As such, we played our final card this season. On Saturday, we went from store to store looking for Steelers gear. It was important, you see, because we had committed to the ultimate make-or-break move: watching the Super Bowl with a house full of Packers fans. It wasn't quite a double-or-nothing move on this NFL season -- no matter what happened yesterday, we can safely say Packers fans were going to remember the year more fondly than Vikings fans. It was more like the gambler who walked into the casino with $2,000 and was now down to his final $100 and wanted to make just a little of that back before he went home.

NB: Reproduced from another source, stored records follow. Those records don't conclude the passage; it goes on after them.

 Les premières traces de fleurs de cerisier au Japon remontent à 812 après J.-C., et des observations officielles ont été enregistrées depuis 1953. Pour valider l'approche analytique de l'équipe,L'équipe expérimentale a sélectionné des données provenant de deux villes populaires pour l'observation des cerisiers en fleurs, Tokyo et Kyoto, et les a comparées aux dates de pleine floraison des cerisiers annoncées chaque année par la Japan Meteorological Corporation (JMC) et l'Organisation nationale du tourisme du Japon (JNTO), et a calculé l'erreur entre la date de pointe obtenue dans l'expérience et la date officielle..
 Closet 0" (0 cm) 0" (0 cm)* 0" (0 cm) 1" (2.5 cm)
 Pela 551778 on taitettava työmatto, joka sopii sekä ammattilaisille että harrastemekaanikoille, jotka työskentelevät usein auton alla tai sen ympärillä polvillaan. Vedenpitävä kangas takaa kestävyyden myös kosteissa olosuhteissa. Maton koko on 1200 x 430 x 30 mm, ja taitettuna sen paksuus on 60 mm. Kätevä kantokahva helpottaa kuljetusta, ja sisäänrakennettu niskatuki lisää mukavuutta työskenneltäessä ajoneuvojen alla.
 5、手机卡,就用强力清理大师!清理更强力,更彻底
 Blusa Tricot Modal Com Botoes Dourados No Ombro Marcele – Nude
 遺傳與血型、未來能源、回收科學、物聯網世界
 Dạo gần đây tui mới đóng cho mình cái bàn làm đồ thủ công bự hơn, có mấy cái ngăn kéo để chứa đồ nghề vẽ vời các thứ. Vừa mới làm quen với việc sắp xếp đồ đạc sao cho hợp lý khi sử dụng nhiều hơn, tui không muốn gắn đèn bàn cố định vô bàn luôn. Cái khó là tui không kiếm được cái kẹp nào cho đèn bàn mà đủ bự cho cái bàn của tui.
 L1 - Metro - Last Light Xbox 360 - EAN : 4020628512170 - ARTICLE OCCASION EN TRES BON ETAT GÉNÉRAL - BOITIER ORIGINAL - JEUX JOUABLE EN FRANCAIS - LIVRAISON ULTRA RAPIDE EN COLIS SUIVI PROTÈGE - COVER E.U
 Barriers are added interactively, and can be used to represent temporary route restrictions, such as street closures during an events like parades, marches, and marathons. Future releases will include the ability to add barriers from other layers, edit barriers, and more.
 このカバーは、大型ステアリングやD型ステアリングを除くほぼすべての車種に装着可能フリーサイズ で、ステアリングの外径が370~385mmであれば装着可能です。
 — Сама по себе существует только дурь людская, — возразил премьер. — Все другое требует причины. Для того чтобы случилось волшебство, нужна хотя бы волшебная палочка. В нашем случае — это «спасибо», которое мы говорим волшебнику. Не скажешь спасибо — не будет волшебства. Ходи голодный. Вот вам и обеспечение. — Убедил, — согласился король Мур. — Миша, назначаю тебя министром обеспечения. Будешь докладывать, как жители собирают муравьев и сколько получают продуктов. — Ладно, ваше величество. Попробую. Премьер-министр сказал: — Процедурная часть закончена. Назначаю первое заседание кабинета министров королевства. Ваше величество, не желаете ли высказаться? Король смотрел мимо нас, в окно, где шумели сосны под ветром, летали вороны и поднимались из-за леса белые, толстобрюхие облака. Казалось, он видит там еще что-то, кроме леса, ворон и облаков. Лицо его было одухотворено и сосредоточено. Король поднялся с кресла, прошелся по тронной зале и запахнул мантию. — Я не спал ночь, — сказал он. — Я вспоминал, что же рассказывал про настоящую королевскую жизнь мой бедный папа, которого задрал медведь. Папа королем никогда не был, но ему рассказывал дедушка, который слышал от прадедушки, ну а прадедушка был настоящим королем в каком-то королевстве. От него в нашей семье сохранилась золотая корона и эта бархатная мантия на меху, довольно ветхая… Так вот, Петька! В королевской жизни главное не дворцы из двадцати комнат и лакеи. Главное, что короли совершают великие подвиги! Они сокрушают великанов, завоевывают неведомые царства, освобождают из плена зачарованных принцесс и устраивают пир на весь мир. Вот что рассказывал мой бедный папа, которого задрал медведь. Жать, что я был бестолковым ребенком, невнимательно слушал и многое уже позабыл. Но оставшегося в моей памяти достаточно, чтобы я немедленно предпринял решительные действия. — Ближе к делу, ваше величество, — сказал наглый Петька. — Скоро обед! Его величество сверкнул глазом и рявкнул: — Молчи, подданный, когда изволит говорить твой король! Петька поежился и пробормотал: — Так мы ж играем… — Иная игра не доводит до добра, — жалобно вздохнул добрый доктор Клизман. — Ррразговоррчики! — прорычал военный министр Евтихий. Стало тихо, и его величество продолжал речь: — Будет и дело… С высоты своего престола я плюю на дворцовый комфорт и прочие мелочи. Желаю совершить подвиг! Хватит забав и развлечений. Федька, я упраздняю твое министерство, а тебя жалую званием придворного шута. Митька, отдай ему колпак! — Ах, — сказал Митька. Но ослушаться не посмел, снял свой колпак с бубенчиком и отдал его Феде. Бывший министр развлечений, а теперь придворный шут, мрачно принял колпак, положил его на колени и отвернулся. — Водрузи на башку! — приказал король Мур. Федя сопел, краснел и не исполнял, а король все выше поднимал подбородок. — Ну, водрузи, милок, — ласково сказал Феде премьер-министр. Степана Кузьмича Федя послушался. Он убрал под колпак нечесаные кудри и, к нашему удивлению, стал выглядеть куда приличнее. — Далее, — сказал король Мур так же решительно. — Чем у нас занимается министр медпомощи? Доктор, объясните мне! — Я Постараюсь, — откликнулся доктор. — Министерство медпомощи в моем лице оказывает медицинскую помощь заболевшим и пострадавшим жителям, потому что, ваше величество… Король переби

So yes, we brought a Steelers pennant and mini-football over to a house full of Packers fans. The first reason was spelled out above. Basically -- and we know this is wrong -- if we could have seen a bunch of green and yellow (copyright Lil Wayne) die-hards at least temporarily sad, we could have salvaged at least a piece of the season.
The second reason was this:
Say what you want about Packers fans, but they are serious about their gameday parties. Yesterday's host made brisket for sandwiches (complete with buns from a local bakery), green and yellow Jell-o shots (seriously), bought a keg of PBR and had so many more snacks that youngsters were making it rain with bags of chips (this really happened, too). But the centerpiece of the heart-stopping feast was the Bacon Weave (aka bacon explosion). We had a slice and a half of that monstrous masterpiece. We'd estimate our blood flow is somewhere between 65 and 80 percent this morning. But it was worth it.
So with meat-wrapped-meat on our plate and the Steelers pennant cleverly tucked inside the top edges of the keg, we set out to watch the Super Bowl. Three observations, two of which will be very unpopular:
1) The commercials were awful. Embarrassing. Creativity is dead. A PR person sent us an e-mail indicating that some group had voted on the best ones and said the Doritos commercial with the pug was No. 2. That commercial was so terrible and predictable that even a pug couldn't save it. Try again, America. Try harder.
2) The halftime show was the best it has been in years. If you don't like the Black Eyed Peas, well, whatever ... try to at least secretly like them. We won't tell the hipster police. They were entertaining and lively. They tried to ruin it with a terrible rendition of Sweet Child O' Mine, but they couldn't. We'll take that over the dusted off relics any day.
3) Aaron Rodgers is the best QB in football. Better than Peyton Manning. Better than Tom Brady. The. Best. Right now. A good scheme can shut down Brady. We're not sure what to do with Rodgers. Bring pressure and he can beat you over the top or evade and run. Hang back and he'll pick you apart. Flood the middle and he'll beat you on the edges. He throws the nicest passes into the tightest spaces without making it look dangerous. It is infuriating, but we cannot hate Aaron Rodgers. He's just that good. Already. Eight of his past 11 games have involved passer ratings above 111 (including the Super Bowl). If his receivers weren't so average, he would be even more ridiculous.
And so it goes that the best player on the field was playing for the winning team. It confirmed our fears and offered the final indignity to this season. As a Vikings fan, though, we have to remain optimistic.
When we think about how at least the Vikings have a plan going forward next season ... how they know who their franchise QB is going to be ... how they aren't getting older, but getting better ... how there weren't countless ridiculous off-field issues this year ... how the Packers aren't deep and talented and didn't win the Super Bowl despite having several key players watching from the sidelines ...
We think about all those things, and everything is OK.
After today, let us never speak of this NFL season again.